[Records shown Boundary: Start]

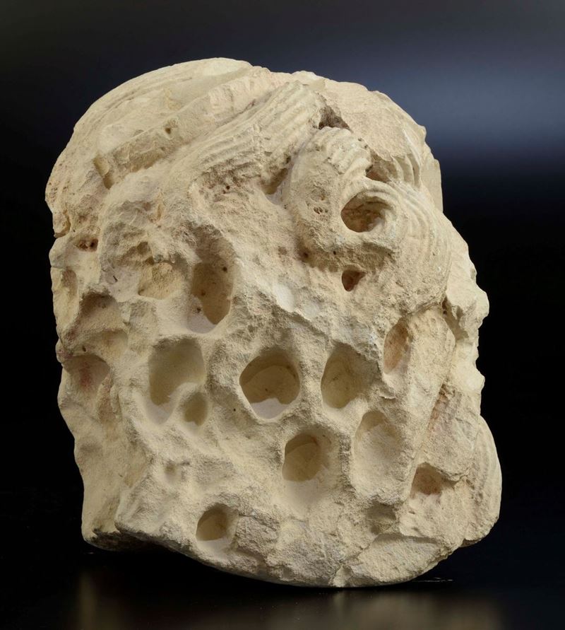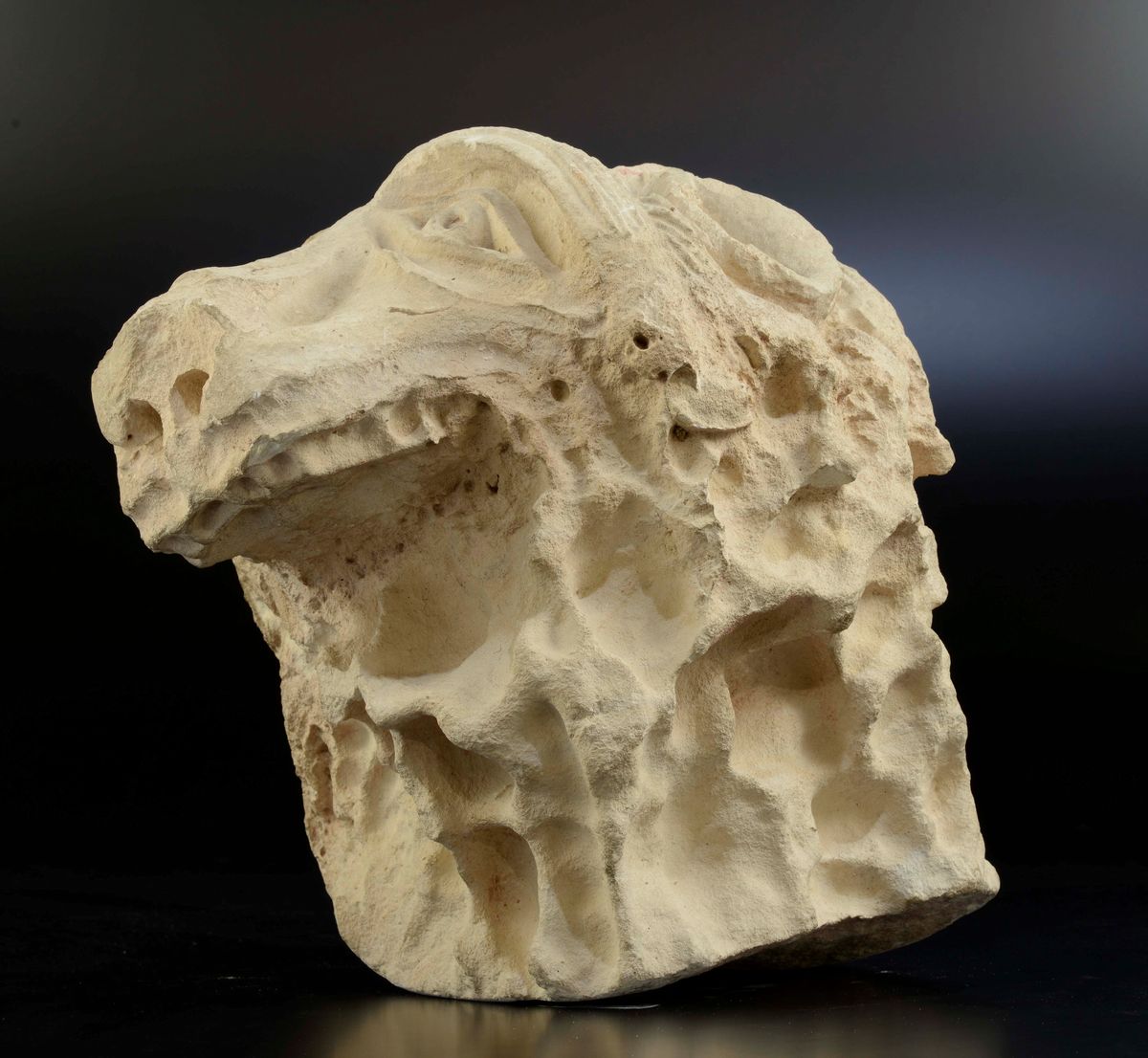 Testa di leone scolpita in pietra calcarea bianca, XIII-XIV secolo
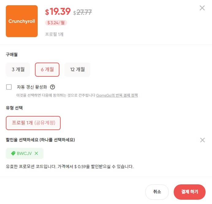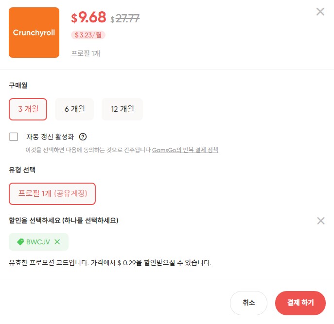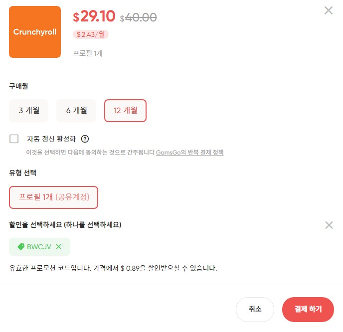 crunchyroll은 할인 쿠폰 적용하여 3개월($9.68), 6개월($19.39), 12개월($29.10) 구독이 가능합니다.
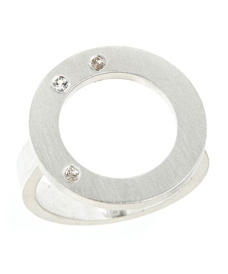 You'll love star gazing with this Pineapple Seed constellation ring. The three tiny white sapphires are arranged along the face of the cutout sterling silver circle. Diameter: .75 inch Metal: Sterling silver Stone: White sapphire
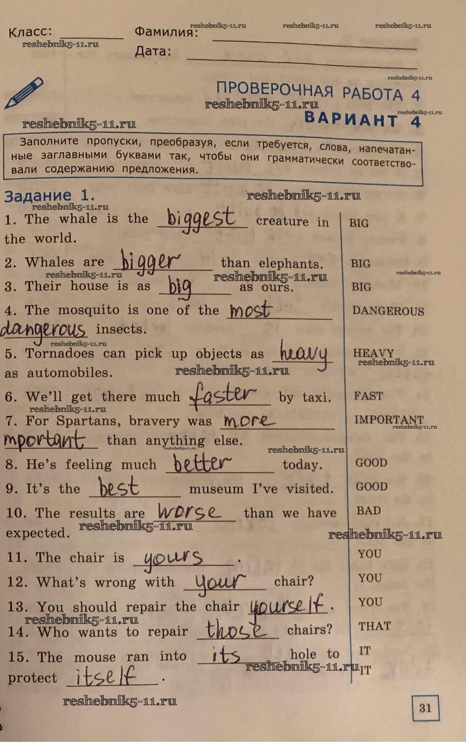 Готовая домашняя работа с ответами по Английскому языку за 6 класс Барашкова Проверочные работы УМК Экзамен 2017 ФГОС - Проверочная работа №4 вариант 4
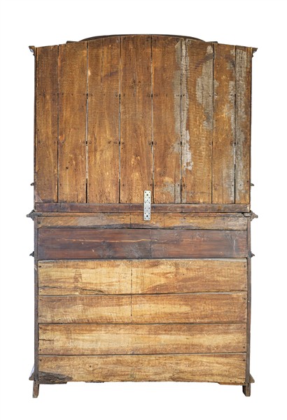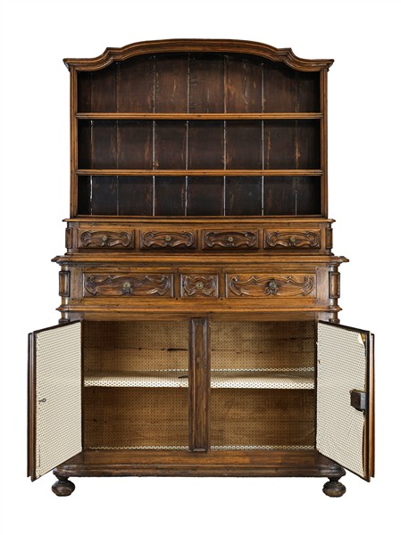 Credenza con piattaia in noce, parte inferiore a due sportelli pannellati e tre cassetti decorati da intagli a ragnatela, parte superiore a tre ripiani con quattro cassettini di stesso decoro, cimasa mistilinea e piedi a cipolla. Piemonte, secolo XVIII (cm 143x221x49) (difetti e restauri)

[Records shown Boundary: End]

Work order.
Would it be possible to reproduce the material word for word, images omitted?

Completed exercise.
 Testa di leone scolpita in pietra calcarea bianca, XIII-XIV secolo
 crunchyroll은 할인 쿠폰 적용하여 3개월($9.68), 6개월($19.39), 12개월($29.10) 구독이 가능합니다.
 You'll love star gazing with this Pineapple Seed constellation ring. The three tiny white sapphires are arranged along the face of the cutout sterling silver circle. Diameter: .75 inch Metal: Sterling silver Stone: White sapphire
 Готовая домашняя работа с ответами по Английскому языку за 6 класс Барашкова Проверочные работы УМК Экзамен 2017 ФГОС - Проверочная работа №4 вариант 4
 Credenza con piattaia in noce, parte inferiore a due sportelli pannellati e tre cassetti decorati da intagli a ragnatela, parte superiore a tre ripiani con quattro cassettini di stesso decoro, cimasa mistilinea e piedi a cipolla. Piemonte, secolo XVIII (cm 143x221x49) (difetti e restauri)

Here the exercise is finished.